Material for this exercise:
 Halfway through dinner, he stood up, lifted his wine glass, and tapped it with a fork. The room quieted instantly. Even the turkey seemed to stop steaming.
---
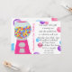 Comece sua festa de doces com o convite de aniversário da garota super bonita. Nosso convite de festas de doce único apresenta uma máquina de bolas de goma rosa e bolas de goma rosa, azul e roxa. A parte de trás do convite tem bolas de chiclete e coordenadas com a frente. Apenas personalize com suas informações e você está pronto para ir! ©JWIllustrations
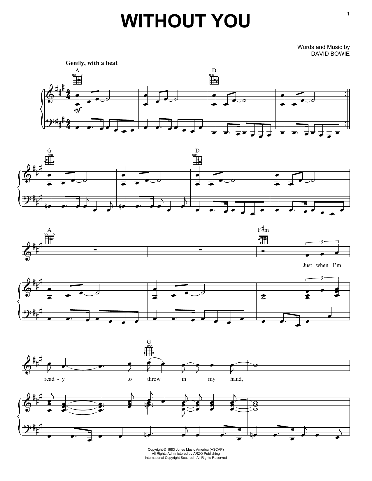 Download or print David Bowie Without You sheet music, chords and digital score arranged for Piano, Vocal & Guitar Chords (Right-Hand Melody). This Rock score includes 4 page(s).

What the exercise asks:
From the records above, give again only the part that opens with the line containing "Comece sua festa" and closes with the line containing "Download or print". Keep both ends but drop the pictures.

Solution:
 Comece sua festa de doces com o convite de aniversário da garota super bonita. Nosso convite de festas de doce único apresenta uma máquina de bolas de goma rosa e bolas de goma rosa, azul e roxa. A parte de trás do convite tem bolas de chiclete e coordenadas com a frente. Apenas personalize com suas informações e você está pronto para ir! ©JWIllustrations
 Download or print David Bowie Without You sheet music, chords and digital score arranged for Piano, Vocal & Guitar Chords (Right-Hand Melody). This Rock score includes 4 page(s).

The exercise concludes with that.